**EXERCISE GOAL:**
Leave the images out. Give every line below again, precisely.

(Extracted records)
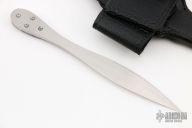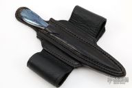 This Sleeve Dagger by Kelly Carlson features a mirror polished chisel ground double edged blade with satin finished flats, .165" blade stock and .725" blade depth, full tang construction with a blued mosaic Damascus scale on one side. The scale is attached from the back side with three fileworked screws. Comes with a black leather sheath that could be attached to your arm or leg. Has a few light scratches, otherwise excellent condition.
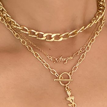 Fleepmart Vintage Rose Flower Thick Chain Pendant Necklace for Women Fashion Letter Flower OT Buckle Multilayer Necklace Jewelry Gift
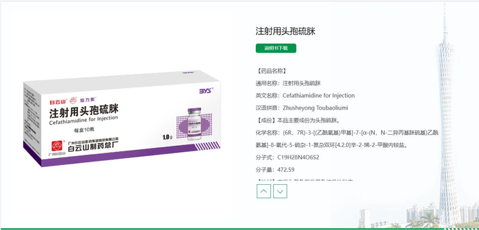 (注射用头孢硫脒,来源:白云山制药总厂官网)
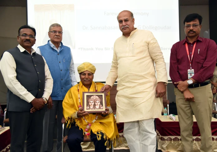 ಕಲಬುರಗಿ; ಫೆ.2:ಶರಣಬಸವೇಶ್ವರ ವಿದ್ಯಾವರ್ಧಕ ಸಂಘ ಮತ್ತು ಶರಣಬಸವ ವಿಶ್ವವಿದ್ಯಾಲಯ ನಡೆಸುತ್ತಿದ್ದ ವಿವಿಧ ಪದವಿ ಕಾಲೇಜುಗಳಲ್ಲಿ ತಮ್ಮ 40 ವರ್ಷಗಳಿಗೂ ಹೆಚ್ಚು ವರ್ಷಗಳ ಸೇವೆಯನ್ನು ಪೂರೈಸಿ, ವೈಯಕ್ತಿಕ ಕಾರಣಗಳಿಂದ, ಶರಣಬಸವ ವಿಶ್ವವಿದ್ಯಾಲಯದ ಕುಲಸಚಿವ ಹುದ್ದೆಗೆ ರಾಜೀನಾಮೆ ನೀಡಿದ ಡಾ. ಎಸ್. ಜಿ. ಡೊಳ್ಳೇಗೌಡರಿಗೆ ಭಾವಪೂರ್ಣವಾಗಿ ಬೀಳ್ಕೊಡಲಾಯಿತು.
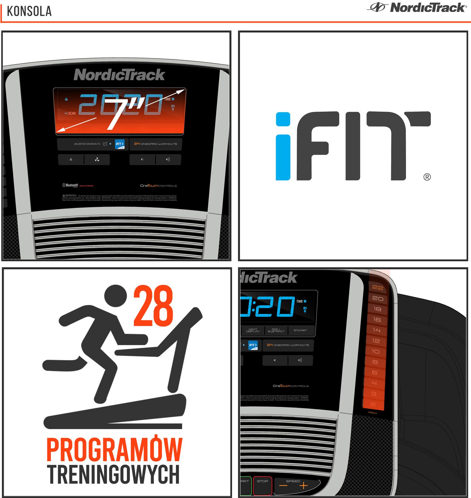 PROGRAMY TRENINGOWE: 28 programów bez wykupionego członkostwa iFit. Z członkostwem iFit otrzymujemy dostęp do 2000 video treningów z trenerami personalnymi oraz automatyczną kontrolą/regulacją nachylenia w zależności od wybranej trasy. Do bieżni dołączone jest członkostwo iFit dla jednego użytkownika na rok.
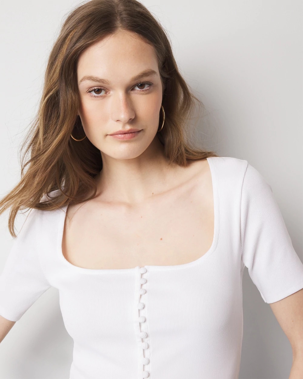 A new addition to WHBM FORME™ line-up, this short-sleeve tee has fully functional center front buttons and a flattering square scoop neckline. Our WHBM FORME™ ribbed fabric stretches and smooths your body, offering a flattering silhouette.
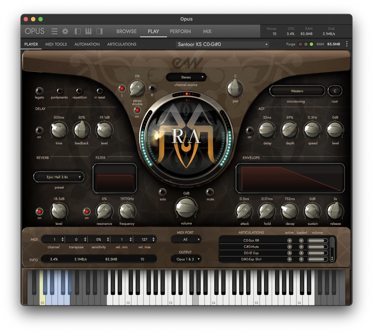 EastWest/Quantum Leap RA offre aux compositeurs un accès à une variété d'instruments rares et uniques provenant d'Afrique, d'Europe, d'Inde, des Amériques, d'Australie, de l'Extrême-Orient et des empires du Moyen-Orient et turc. Les musiciens découvriront que RA a une qualité sonore incroyable et ils s'émerveilleront de l'articulation de chaque instrument qui a une large gamme allant de contrôlée à expressive. Tous les instruments et ensembles présentés dans la collection ont été échantillonnés de manière extensive afin de préserver le véritable caractère et l'expression de chaque instrument. Pour la première fois, les utilisateurs auront plus de contrôle sur les sons offerts dans la collection, ainsi que la capacité de charger encore plus d'instruments que jamais auparavant.

**WORKED SOLUTION:**
 This Sleeve Dagger by Kelly Carlson features a mirror polished chisel ground double edged blade with satin finished flats, .165" blade stock and .725" blade depth, full tang construction with a blued mosaic Damascus scale on one side. The scale is attached from the back side with three fileworked screws. Comes with a black leather sheath that could be attached to your arm or leg. Has a few light scratches, otherwise excellent condition.
 Fleepmart Vintage Rose Flower Thick Chain Pendant Necklace for Women Fashion Letter Flower OT Buckle Multilayer Necklace Jewelry Gift
 (注射用头孢硫脒,来源:白云山制药总厂官网)
 ಕಲಬುರಗಿ; ಫೆ.2:ಶರಣಬಸವೇಶ್ವರ ವಿದ್ಯಾವರ್ಧಕ ಸಂಘ ಮತ್ತು ಶರಣಬಸವ ವಿಶ್ವವಿದ್ಯಾಲಯ ನಡೆಸುತ್ತಿದ್ದ ವಿವಿಧ ಪದವಿ ಕಾಲೇಜುಗಳಲ್ಲಿ ತಮ್ಮ 40 ವರ್ಷಗಳಿಗೂ ಹೆಚ್ಚು ವರ್ಷಗಳ ಸೇವೆಯನ್ನು ಪೂರೈಸಿ, ವೈಯಕ್ತಿಕ ಕಾರಣಗಳಿಂದ, ಶರಣಬಸವ ವಿಶ್ವವಿದ್ಯಾಲಯದ ಕುಲಸಚಿವ ಹುದ್ದೆಗೆ ರಾಜೀನಾಮೆ ನೀಡಿದ ಡಾ. ಎಸ್. ಜಿ. ಡೊಳ್ಳೇಗೌಡರಿಗೆ ಭಾವಪೂರ್ಣವಾಗಿ ಬೀಳ್ಕೊಡಲಾಯಿತು.
 PROGRAMY TRENINGOWE: 28 programów bez wykupionego członkostwa iFit. Z członkostwem iFit otrzymujemy dostęp do 2000 video treningów z trenerami personalnymi oraz automatyczną kontrolą/regulacją nachylenia w zależności od wybranej trasy. Do bieżni dołączone jest członkostwo iFit dla jednego użytkownika na rok.
 A new addition to WHBM FORME™ line-up, this short-sleeve tee has fully functional center front buttons and a flattering square scoop neckline. Our WHBM FORME™ ribbed fabric stretches and smooths your body, offering a flattering silhouette.
 EastWest/Quantum Leap RA offre aux compositeurs un accès à une variété d'instruments rares et uniques provenant d'Afrique, d'Europe, d'Inde, des Amériques, d'Australie, de l'Extrême-Orient et des empires du Moyen-Orient et turc. Les musiciens découvriront que RA a une qualité sonore incroyable et ils s'émerveilleront de l'articulation de chaque instrument qui a une large gamme allant de contrôlée à expressive. Tous les instruments et ensembles présentés dans la collection ont été échantillonnés de manière extensive afin de préserver le véritable caractère et l'expression de chaque instrument. Pour la première fois, les utilisateurs auront plus de contrôle sur les sons offerts dans la collection, ainsi que la capacité de charger encore plus d'instruments que jamais auparavant.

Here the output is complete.